Palm Centro devices, left, and Texas Instruments’ Speak&Spell, right.
Notice the resemblance? 29 years apart: 1978 and 2007
Great catch, Phil! E.T. would have had a much easier time of it on a Centro, though. Pity he couldn’t wait around for 30 years.
[via Concept to Consumer]
Talk about a great interface. Scribbles is a drawing application for Macintosh. The design of the interface is so much more than just a pretty skin: the brilliant colors and inviting feel are so appealing that it makes you want to use it, and there is nothing there that isn’t 100% function.
The look is as clean and clear as can be. Is there full control over every feature, as in Illustrator or Freehand? Of course not. But you can open Scribbles and start scribbling. My kids are loving it, and I can hardly keep my hands off it.
If you’ve spent substantial time with another illustration program, you’ll be impressed by the infinite (or seemingly so) zoom, the beautiful handling of layers, and the unlimited canvas size.
The site is as gorgeous as the application; unlimited free trial and low registration fee make it even sweeter.
MomsRising.org has created a great-sounding SMS-based service to help you avoid toxic toys while you’re shopping:
Send a SMS/text message to 41411 with the text, “healthytoys [search term/toy name]” — where [search term] is the name of a toy, type of toy, manufacturer, or retailer. This will let you know if a toy contains toxic chemicals or not.
Example: Text “healthytoys alphabet pal” to 41411 to find out the toxics rating for the Alphabet Pal by Leap Frog, sold at Walmart. You can also search by retailer (text “healthytoys walmart” to 41411) or manufacturer (text “healthytoys leap frog” to 41411).
We’ll respond instantly with the results, based on recent comprehensive tests by HealthyToys.com. The results will indicate whether the toy or product had a low, medium, or high detection of toxic chemicals.
Finnish vendor Nokia announced an extension of its mobile music platform on Tuesday, with the unveiling of a subscription service that allows users to keep their music.
At its annual investor day in the Netherlands, Nokia announced its ‘Comes With Music’ platform, that enables people to buy a Nokia device with a year of unlimited access to millions of tracks.

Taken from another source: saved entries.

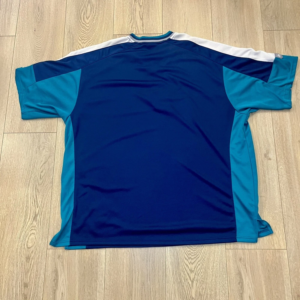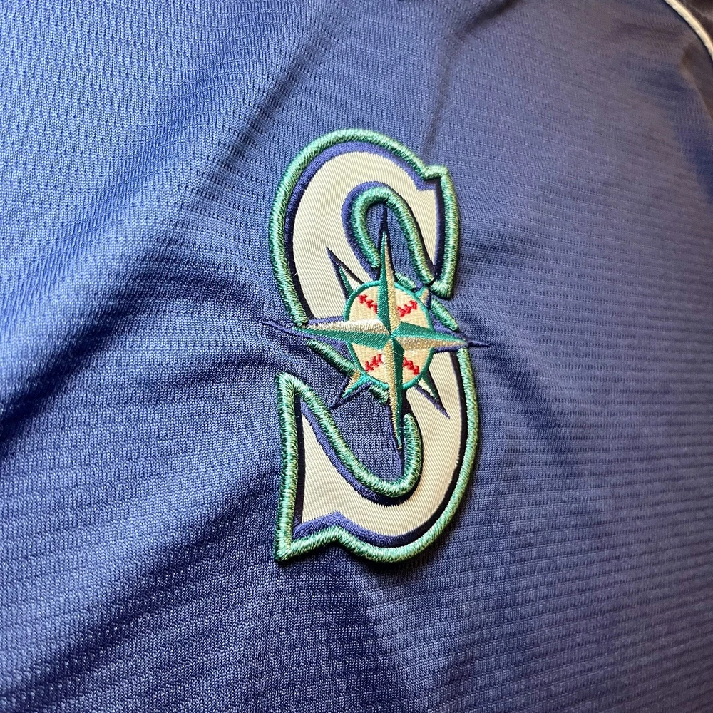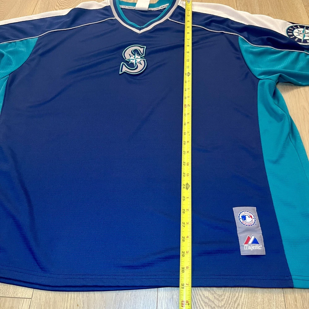 Product: Jersey Team: Seattle Mariners Officially Licensed: Yes Country/Region of Manufacture: Indonesia Color: Blue Player: Team Sport: Baseball Brand: Majestic Capacity: 12 oz Gender: Unisex Adult League: Major League (MLB) Pre & Post Season: Regular Season Size: 26 in Chest 21 in Collar To The Bottom
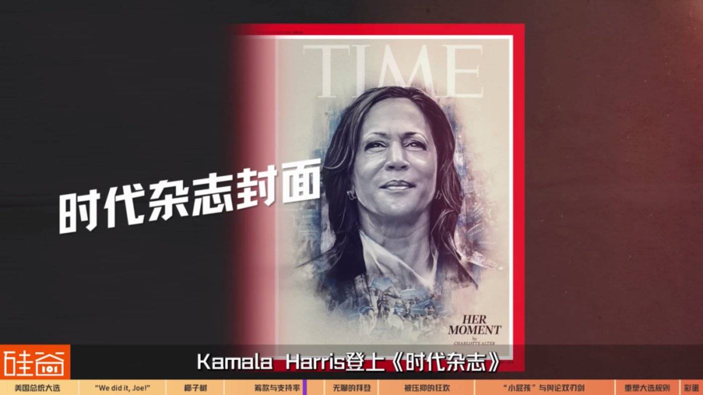 社交媒体上的病毒式传播和传统媒体的二次追踪报道给Harris带来了前所未有的曝光和热度。8月12日,Kamala Harris登上《时代杂志》,标题《Her Moment》(她的时刻)。
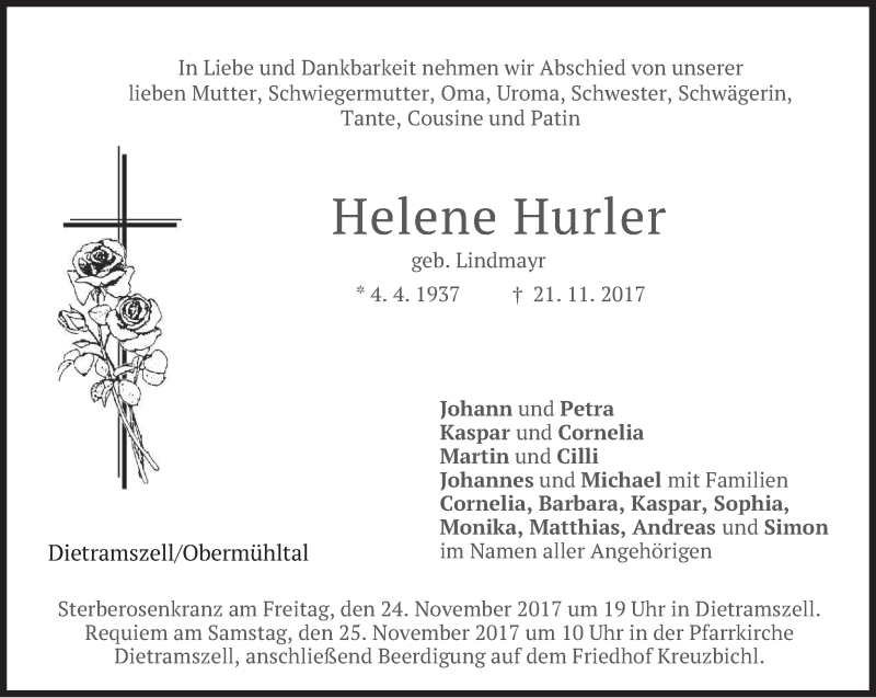 Hier finden Sie alle Traueranzeigen aus der Zeitung, die bisher für Helene Hurler erschienen sind. Weitere Traueranzeigen, die in der Zeitung erscheinen, werden hier ebenfalls aufgelistet

Once the year is complete, customers can keep all their music without having to worry about it disappearing when their subscription is over. [see telecoms.com for the full story]
This is very similar to Nokia’s purchase and inclusion of mapping software on high-end devices (something we discussed in the Mobile Marketing panel at the MoMo Summit). The buzz is that “it’s all about content” — that future revenues are going to be driven primarily by content.
Take a look at how Apple’s iTunes fits into its strategy: revenues are huge at 36%, but the importance is in the content’s role in driving sales of the iPod and computer hardware lines. That lesson hasn’t been lost on others. Think Amazon and Kindle, Nokia and Ovi, Sony and their upcoming revamped music store.
But is the buzz true as a trend?
What do these activities say about company strategy? Where are these players expecting their future revenues growth to come from?
- Hardware sales? The device is the money maker, with higher prices/differentiation justified by including free content — sales of devices driven by consumer desire for the “free” (or premium) content included; or
- Content sales? The hardware is a one-off sale, but the ongoing revenues from online content and subscription sales are the real money-maker; or
- Something else entirely?
It’s clear that the future of computing in general — the big future — is in mobile. Desktop computers, home media centers, and laptops will be nice CE moneymaking appliances, like microwaves and large-screen TVs. Sure, they’re more necessary than luxuries like designer espresso machines, but you can live without them, for example, if you are struggling to pay off student loans.
Mobiles will be like refrigerators or washing machines. You just can’t manage without them. That’s already true now, but at the moment it’s more of a psychological need to not miss anything. As mobile email improves, flat data plans roll out, web browsing becomes usable, phone memory grows to accommodate video and audio entertainment realistically, downloading becomes easier rather than sideloading… as those things happen, the mobile device will be completely embedded as the primary computing device in fact, not just in theory. As the N95 ads say, “it’s what the computer has become” and it’s true (but not of the N95, I’m afraid).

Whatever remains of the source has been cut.